→ Available data

◆ ◆ ◆ ◆ ◆

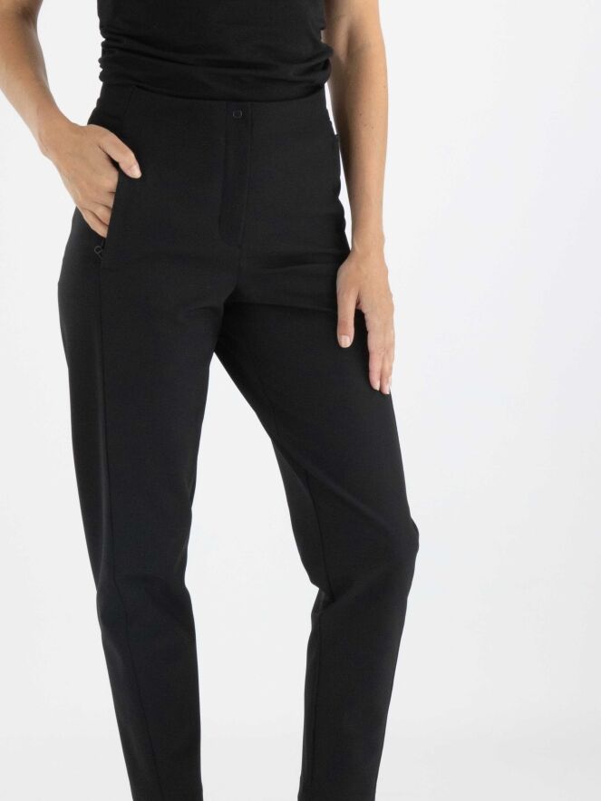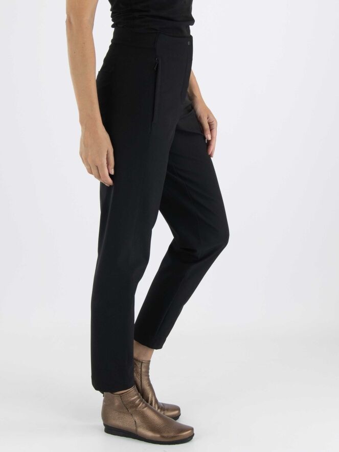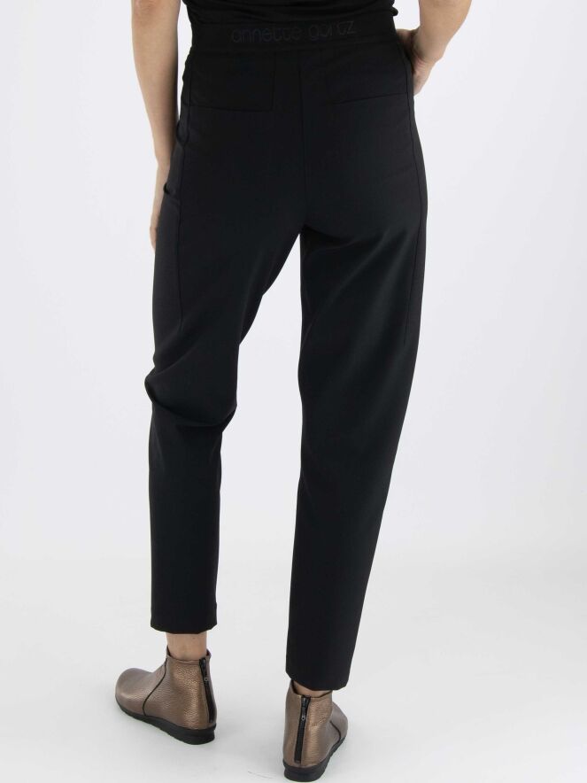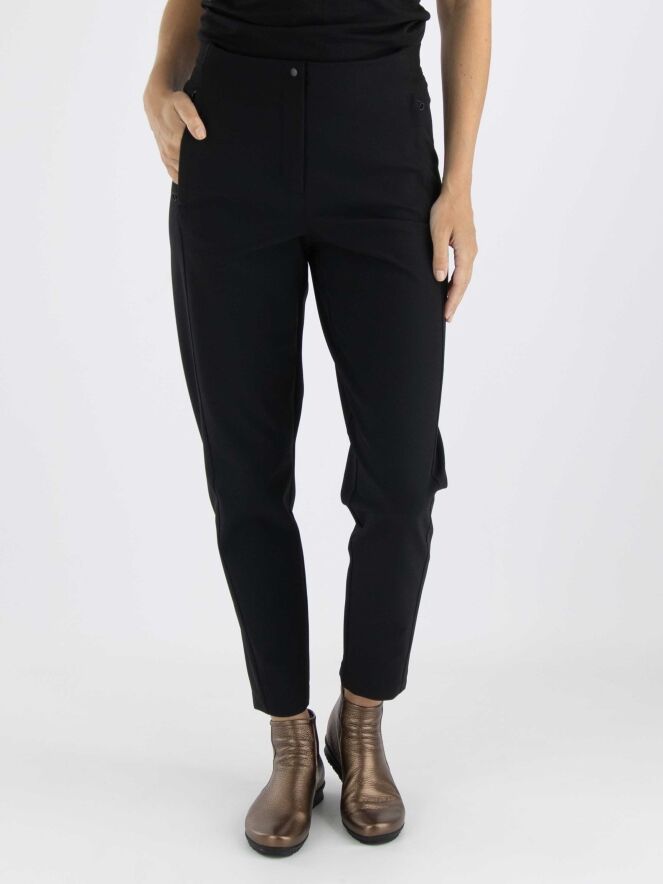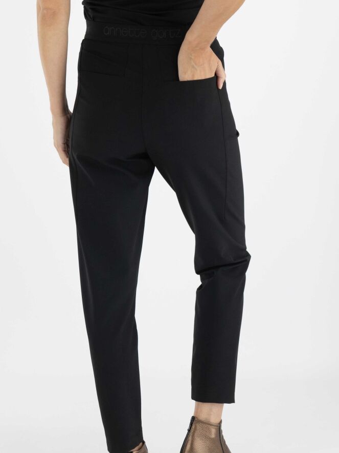 Een broek van Annette Görtz in de kleur zwart. In de taille is aan de achterzijde een elastieken band. De steekzakken hebben een ritssluiting. Deze broek mag op 30 graden worden gewassen.
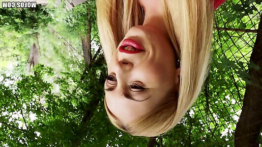 идеальная красная подводка для губ на этой нимфе, трахающей кость в парке
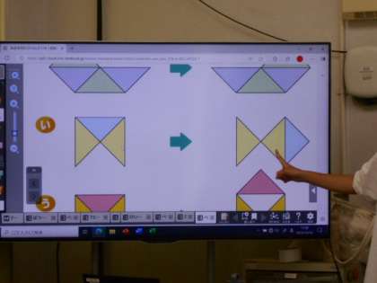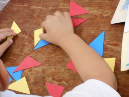 「赤の三角がお屋根になるように、こう、ぱったんってします。」「ひっくりかえすの」
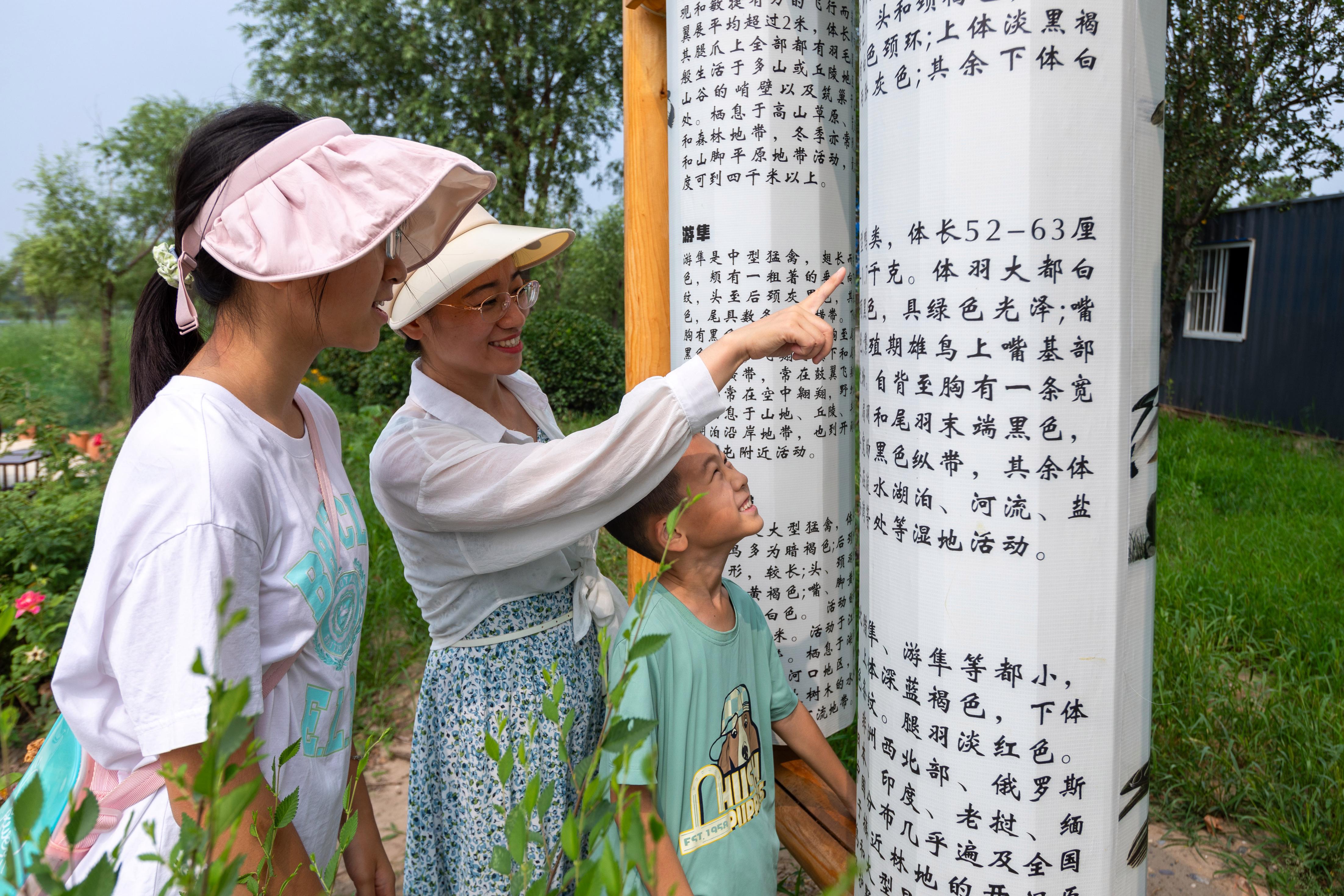 在位于绿堤公园的宛平湖休闲广场上,很多沿着绿道而来的居民正驻足游览。“大型鸭类,长52~63厘米,重0.6~1.7千克……”在广场的鸟类科普展板前,一位市民正在给自己的孩子读翘嘴麻鸭的介绍,小朋友在旁边听得津津有味。“出来玩还能学到关于鸟类的知识,很开心。”小朋友笑着说。

◆ ◆ ◆ ◆ ◆

→ What the exercise asks
Your answer should set down the listing verbatim and leave out its images.

→ Your solution
 Een broek van Annette Görtz in de kleur zwart. In de taille is aan de achterzijde een elastieken band. De steekzakken hebben een ritssluiting. Deze broek mag op 30 graden worden gewassen.
 идеальная красная подводка для губ на этой нимфе, трахающей кость в парке
 「赤の三角がお屋根になるように、こう、ぱったんってします。」「ひっくりかえすの」
 在位于绿堤公园的宛平湖休闲广场上,很多沿着绿道而来的居民正驻足游览。“大型鸭类,长52~63厘米,重0.6~1.7千克……”在广场的鸟类科普展板前,一位市民正在给自己的孩子读翘嘴麻鸭的介绍,小朋友在旁边听得津津有味。“出来玩还能学到关于鸟类的知识,很开心。”小朋友笑着说。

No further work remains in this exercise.